▶ To do:
All that is needed is the lines from the one containing "今天一个账户正T多赚2个点,一个账户负T1个点;大家发财" through the end of the listing, printed exactly, with no pictures among them.

▶ Collected material:
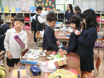 11月20日(月)2限、2年生は生活科の授業で「動くおもちゃちゃを作ろう」をしました。家から持ってきた牛乳パックやトレイ、空き箱などを使って、いろいろな動くおもちゃを作りました。牛乳パックと輪ゴムで「パッチンガエル」や「びっくりばこ」を、紙コップで「とことこカメ」や「ぴょんウサギ」などを作りました。遊びに使う物を工夫して、楽しい動くおもちゃを作っていきました。
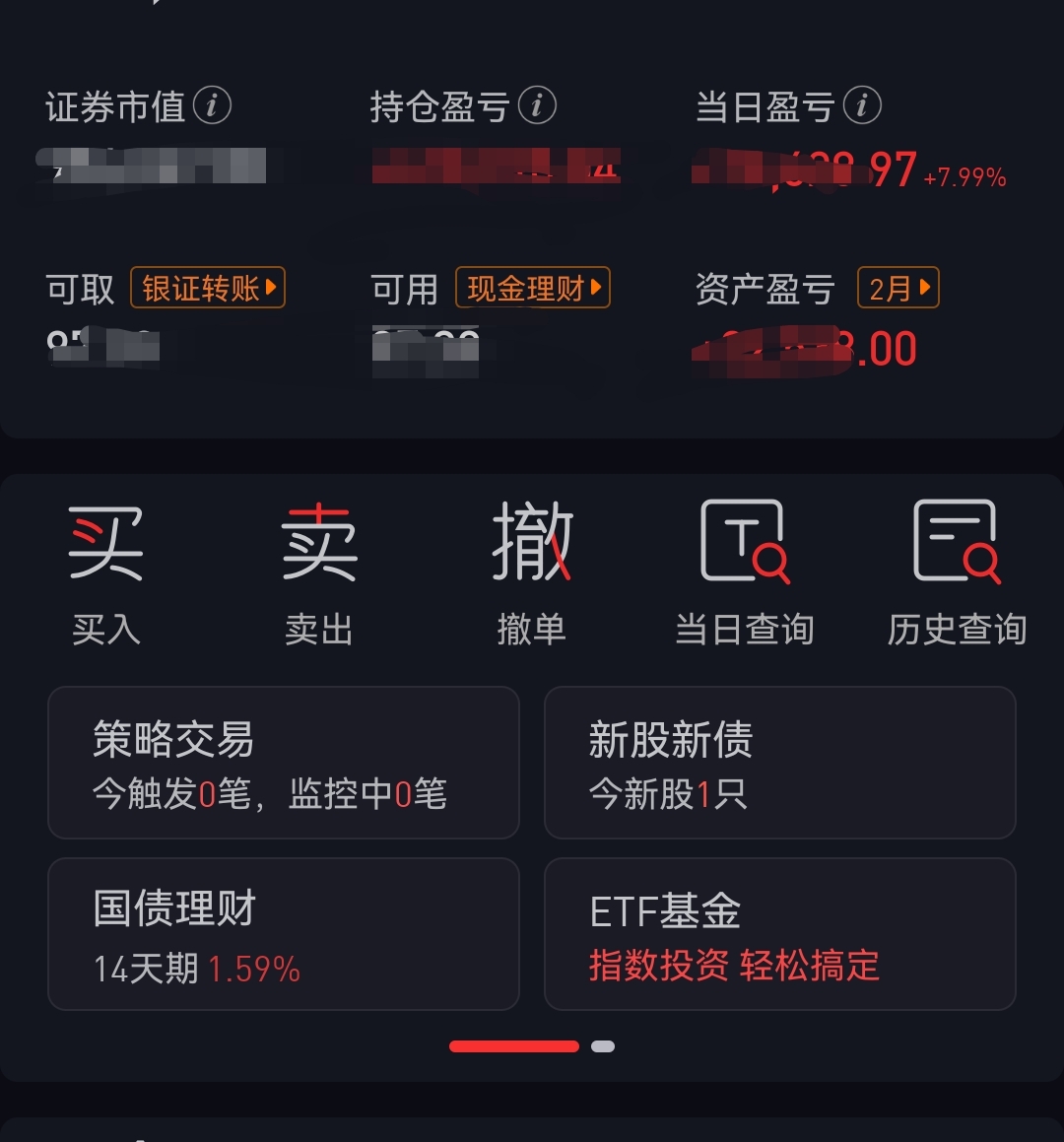 今天一个账户正T多赚2个点,一个账户负T1个点;大家发财
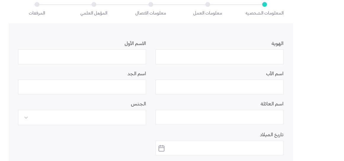 - انقر على زر تقديم، سيطلب منك إدخال مجموعة من البيانات الشخصية من هذه البيانات الآتي ذكرها ( رقم بطاقة الهوية الوطنية – الاسم الأول – اسم الأب – اسم الجد – تاريخ الميلاد – رقم الهاتف – البريد الإلكتروني – شهادة التخرج - كود التحقق).

▶ Expected answer:
 今天一个账户正T多赚2个点,一个账户负T1个点;大家发财
 - انقر على زر تقديم، سيطلب منك إدخال مجموعة من البيانات الشخصية من هذه البيانات الآتي ذكرها ( رقم بطاقة الهوية الوطنية – الاسم الأول – اسم الأب – اسم الجد – تاريخ الميلاد – رقم الهاتف – البريد الإلكتروني – شهادة التخرج - كود التحقق).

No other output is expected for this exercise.